▸ What is needed:
For this exercise, retype all the data exactly and exclude every image.

▸ Collected material:
·····
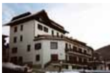
HOTEL ** La Montanara UZZA Via Uzza, 29 Tel. (+39) 0342 945 725
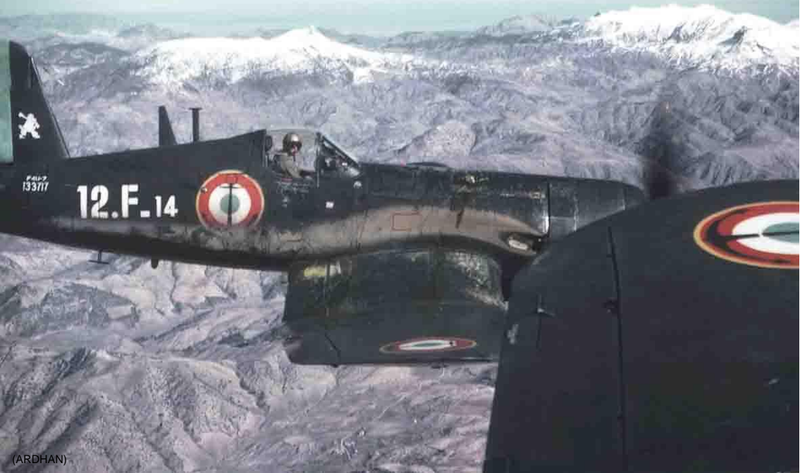
Corsair de la flottille 12F en mars 1959
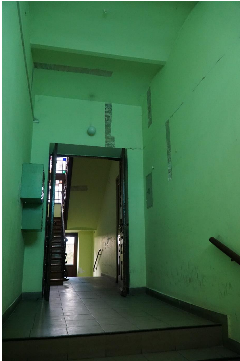
Fot.nr.1 Kraków ul.Pędzichów 21, Sień , stan przed konserwacją. Wrzesień 2020r. wyk.E Widerska
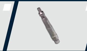
Terminal de baixa rotação com sistema de refrigeração
·····
▸ Problem solution:
HOTEL ** La Montanara UZZA Via Uzza, 29 Tel. (+39) 0342 945 725
Corsair de la flottille 12F en mars 1959
Fot.nr.1 Kraków ul.Pędzichów 21, Sień , stan przed konserwacją. Wrzesień 2020r. wyk.E Widerska
Terminal de baixa rotação com sistema de refrigeração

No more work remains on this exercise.